Required action — For this exercise, return only the lines in the records below from the one holding "万礼豪程2019未来职业挑战" through the one holding "本文關于馮友蘭 中國哲學史的簡介就講解完畢,希望對大家有所幫助。", including both, exactly as they appear and without pictures.

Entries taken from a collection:
──────────────────────────────
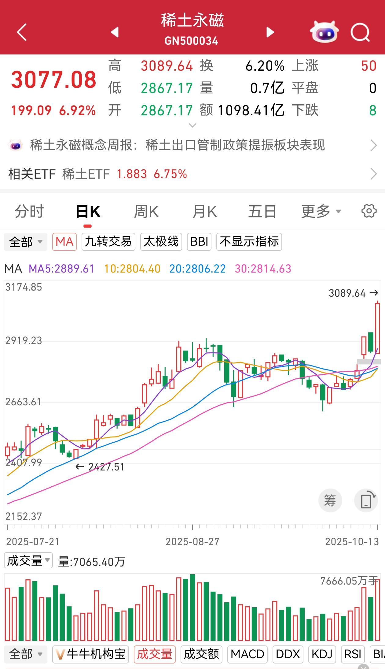 市场热点方面,有色金属概念再度全线走强,稀土永磁方向领涨,板块指数单边上扬,放量大涨5.66%,创历史新高。九菱科技一度冲击30%涨停,银河磁体、新莱福、惠城环保等多股20%涨停,包钢股份、北方稀土、中国稀土等逾20只个股涨停或涨超10%。
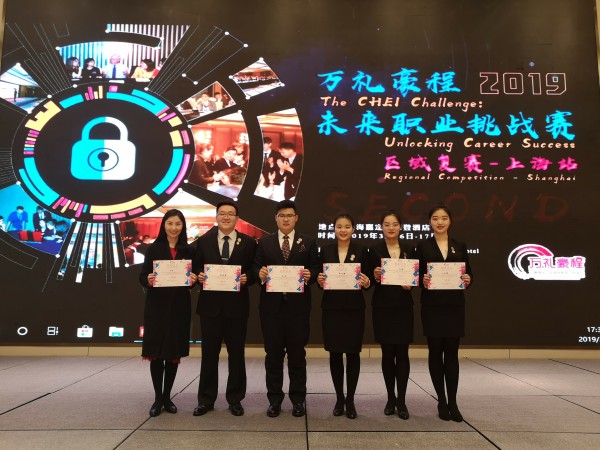 万礼豪程2019未来职业挑战赛上海站本科组区域复赛于2019年3月16日在上海嘉定喜来登酒店顺利落幕。由我院酒店管理系主任杨芳老师指导,2017级酒店管理班方仲楷、尚琬、刘子琛,2016级酒店管理2班陈明君、袁绍群组成的凤凰队,以“曲和流觞主题民宿”商业计划书和全英文现场演示及答辩,在比赛中表现优秀,荣获区域复赛一等奖,率先晋级全国本科组四强,成功进军今年7月即将在上海举行的全国总决赛。
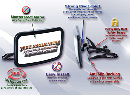 SAFETY: Our superior wide angle view allows you to keep your eyes on the road while getting split second updates on your baby. Check in anytime to see if your baby is sleeping or if you need to make sure s/he is not choking, sick, or getting overheated from direct sunlight. Our mirrors our 100% shatterproof, have been crash tested, and have heavy duty safety straps that ensure maximum mounting security.
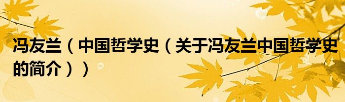 本文關于馮友蘭 中國哲學史的簡介就講解完畢,希望對大家有所幫助。
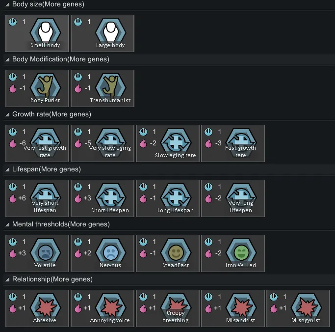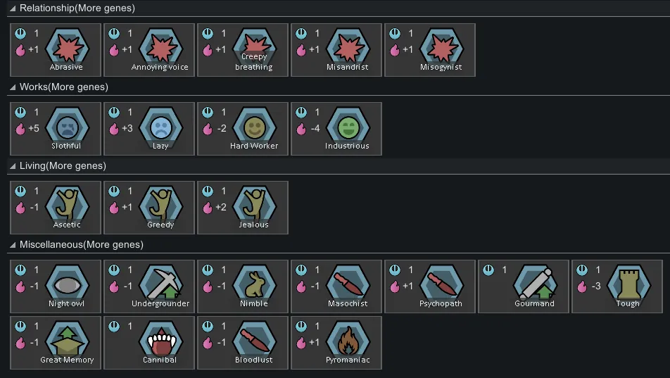 A simple mod that add more genes about vanilla traits, health, and immute.
──────────────────────────────
Response to the task —
 万礼豪程2019未来职业挑战赛上海站本科组区域复赛于2019年3月16日在上海嘉定喜来登酒店顺利落幕。由我院酒店管理系主任杨芳老师指导,2017级酒店管理班方仲楷、尚琬、刘子琛,2016级酒店管理2班陈明君、袁绍群组成的凤凰队,以“曲和流觞主题民宿”商业计划书和全英文现场演示及答辩,在比赛中表现优秀,荣获区域复赛一等奖,率先晋级全国本科组四强,成功进军今年7月即将在上海举行的全国总决赛。
 SAFETY: Our superior wide angle view allows you to keep your eyes on the road while getting split second updates on your baby. Check in anytime to see if your baby is sleeping or if you need to make sure s/he is not choking, sick, or getting overheated from direct sunlight. Our mirrors our 100% shatterproof, have been crash tested, and have heavy duty safety straps that ensure maximum mounting security.
 本文關于馮友蘭 中國哲學史的簡介就講解完畢,希望對大家有所幫助。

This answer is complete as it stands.